Weak illumination image enhancement technology has recently become an important research topic. When the shooting environment is dark, the image’s brightness and contrast will be affected, and the color will be distorted, which will affect intuitive visual effects and subsequent detections of image enhancement [1,2,3]. To enhance the low-light image, in that early stage, people performed a lot of research on histogram equalization [4,5]. The method in literature [6] is inspired by the dark channel prior defogging theory [7], and it is found that the visual effect and histogram of low illumination images after inversion are highly similar to those of fogged images. Based on this observation, literature [6] applied the defogging algorithm to the inverted weak illumination image and flipped it again to obtain the enhanced weak illumination image. Land put forward the theory of the retina cortex [8,9,10] (Retinal Cortex Theory, Retinex). With the development of research, machine learning methods can be applied. The combination of Retinex theory and CNNs further improves the effect of image enhancement [11,12,13]. However, after the Decom-Net extracts the reflection parts, the noise level will be affected by the light intensity, which makes the dark area’s noise too high, causing the noise and color deviation of the low illumination enhanced result of Retinex-Net. Therefore, this paper put forward a modified algorithm based on Retinex-Net to ameliorate the effect of the enhanced image.
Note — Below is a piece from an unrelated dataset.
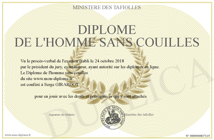 Envoyez par email votre Diplôme de l'homme sans couilles personalisé

2. Retinex Image Enhancement Algorithm

At first, the gray value of the low illumination image’s dark area is changed by histogram equalization and gamma correction to increase the image brightness [14]. However, these methods only consider the image’s global information, ignoring the details. The Retinex theory is based on color consistency, which can decompose the color image into a reflection part and an illumination part. As shown in Formula (1):

$$S=R\circ I$$

(1)

where $\circ$ denotes a pixel-by-pixel multiplication operation. $S$ denotes a color image, in which the illumination of each region is different. $R$ denotes a reflection part, which is an inherent physical property of an object, and the true color of the object is independent of the luminance. $I$ denotes the illumination part, which reflects the degree of exposure of the photographic object.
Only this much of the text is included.